Linux trader 2.6.18-ARCH #1 SMP PREEMPT Sun Nov
19
09:14:35 CET 2006 i686 Intel(R) Pentium(R) 4 CPU
2.40GHz GenuineIntel GNU/Linux
Can the problem be confirmed?
Using PyUnicode_FromUnicode on %A works because
the
unicode string is copied instead of decoded, and
that parameter is supposed to be unicode, in any
case.
The patch fixes the problem on my system but
should
be reviewed, especially whether the cast in the
call
to PyUnicode_FromUnicode is suitably cross-
platform.
Assigning to Neal since he's working a lot of
Unicode issues right now. I can check it in if I
get approval.
|
|
msg55312 - (view) |
Author: Kurt B. Kaiser (kbk) |
Date: 2007-08-26 20:53 |
|
Heh, I see we have the same damn problem SF had: when a comment is
edited,
it doesn't re-wrap properly when submitted. You have to remove the
returns
manually after editing.
|
|
msg55313 - (view) |
Author: Kurt B. Kaiser (kbk) |
Date: 2007-08-26 20:54 |
|
Nope, you have to make sure not to type too wide.
|
|
msg55321 - (view) |
Author: Kurt B. Kaiser (kbk) |
Date: 2007-08-26 23:18 |
|
Well, maybe someday Tk will send a multibyte unicode
character. Update the patch.
|
|
msg55325 - (view) |
Author: Neal Norwitz (nnorwitz) |
Date: 2007-08-26 23:40 |
|
I can confirm the problem and that your patch fixes the problem. Go
ahead and check it in. Thanks!
|
|
msg55330 - (view) |
Author: Kurt B. Kaiser (kbk) |
Date: 2007-08-27 01:57 |
|
OK, thanks for the review! I suppose Tk is sending a bad string.
r57540
|
|
msg75999 - (view) |
Author: Hirokazu Yamamoto (ocean-city) |
Date: 2008-11-18 04:38 |
|
Sorry, I reverted r57540 because it caused segfault at IDLE exit. (See
issue4313) I reopened this issue.
|
|
msg76032 - (view) |
Author: Guilherme Polo (gpolo) |
Date: 2008-11-19 00:34 |
|
I can reproduce it here with tk8.4, using tk8.5 doesn't cause this.
|
|
msg76034 - (view) |
Author: Guilherme Polo (gpolo) |
Date: 2008-11-19 01:15 |
|
Here is a patch that doesn't use magic numbers :P
I didn't hit the problem described in issue4313 with this one, and
PythonCmd should be doing this anyway, but ideally we should move to
Tcl_CreateObjCommand.
|
|
msg76035 - (view) |
Author: Guilherme Polo (gpolo) |
Date: 2008-11-19 01:19 |
|
Removed some repeated code in the patch
|
|
msg76041 - (view) |
Author: Hirokazu Yamamoto (ocean-city) |
Date: 2008-11-19 06:01 |
|
I confirmed PythonCmd_check_for_utf.diff worked on my machine. IDLE
didn't crash.
>I can reproduce it here with tk8.4, using tk8.5 doesn't cause this.

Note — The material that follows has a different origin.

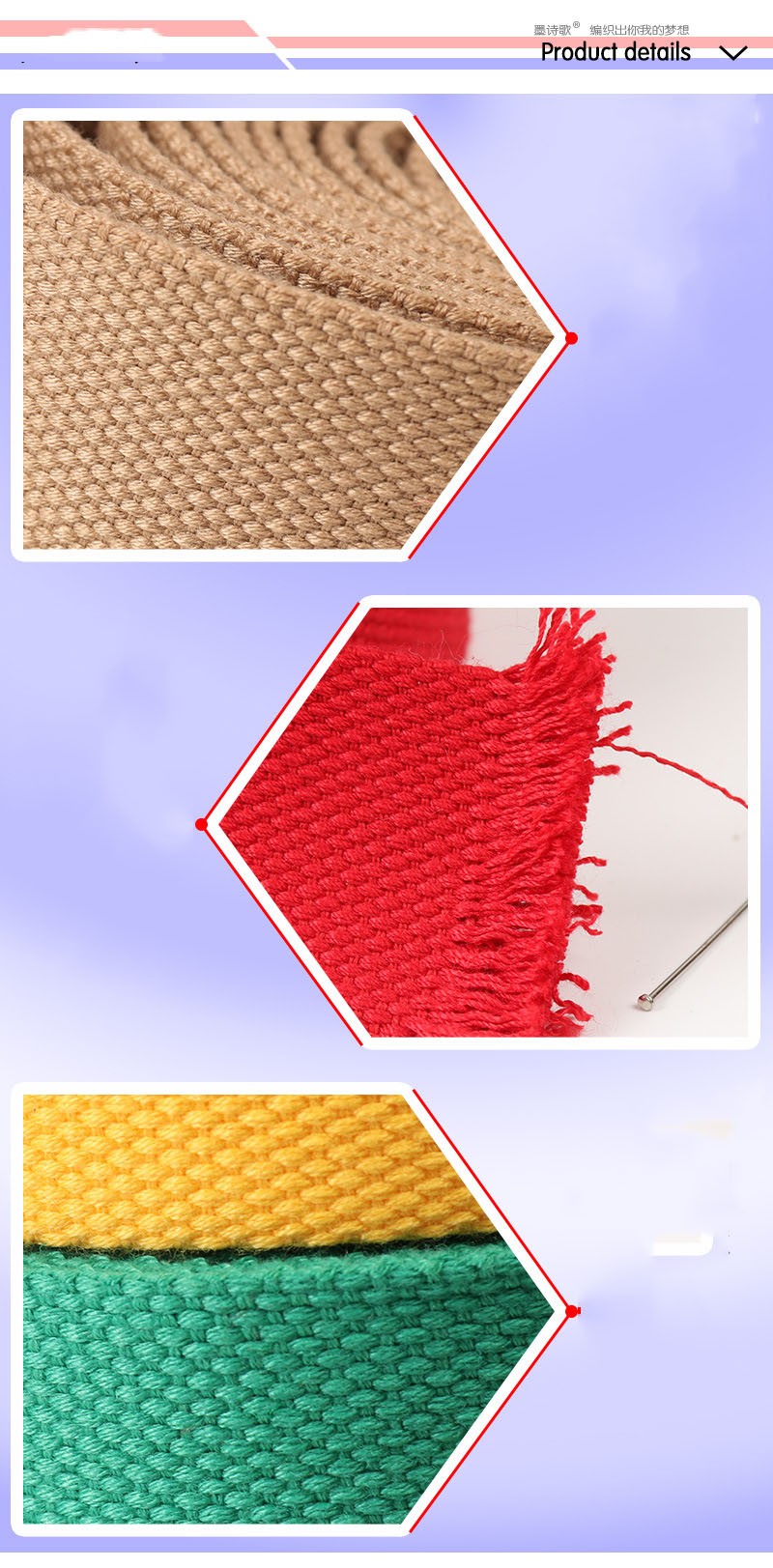 Caratteristica: di Spessore tessuto normale. La trama non è difficile e si sente bene. Adatto per la cintura in vita, tessitura, cinghia di tela di canapa, cinghia dei bagagli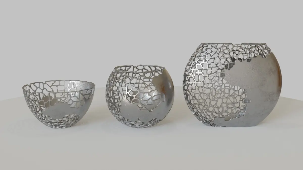 The file includes three abstract vases models. They were made looking for a balance between realism and a model without an exaggerated amount of polygons, so as not to compromise the rendering work. The model is great for composing the scene.

That is, this is a bug of tk8.4, and solved in tk8.5 which is already
stable release? If so, I feel python don't have to workaround this bug.
# I'm a little worry about performance because Tcl_NumUtfChars() will be
called for every command string.
By the way, I cannot reproduce this bug with tk8.4.12(on windows). What
is your tk version? Maybe older than that?
|
|
msg76043 - (view) |
Author: Guilherme Polo (gpolo) |
Date: 2008-11-19 10:27 |
|
tk 8.4.19 here, but windows and linux almost surely uses different
window managers (you could run gnome and others under windows, but I'm
betting it is not the case).
Now, it is very hard to say that we shouldn't care about this bug here.
Tcl has it documented that its string arguments to Tcl_CmdProc are
encoded in normalized utf-8 since tcl 8.1 which was released almost 10
years ago. I guess we are just luck that this was the first time the bug
was noticed.
It also says that Tcl_CreateCommand shouldn't be used anymore, instead
Tcl_CreateObjCommand should be used like I said in the previous comment.
|
|
msg76164 - (view) |
Author: Hirokazu Yamamoto (ocean-city) |
Date: 2008-11-21 08:19 |
|
I suceeded to reproduce this issue with coLinux + UltraVNC on Win2000.
Yes, py3k claimed utf-8 error, so I tried trunk. Here is result.
*** event.keycode: 8
*** event.state: 0
*** event.char: ''
*** event.keycode: 16
*** event.state: 4
*** event.char: '\xc0\x80'
This '\xc0\x80' seems to be used in tcl as null byte '\0'. You can see
this magic value in tcl source and google.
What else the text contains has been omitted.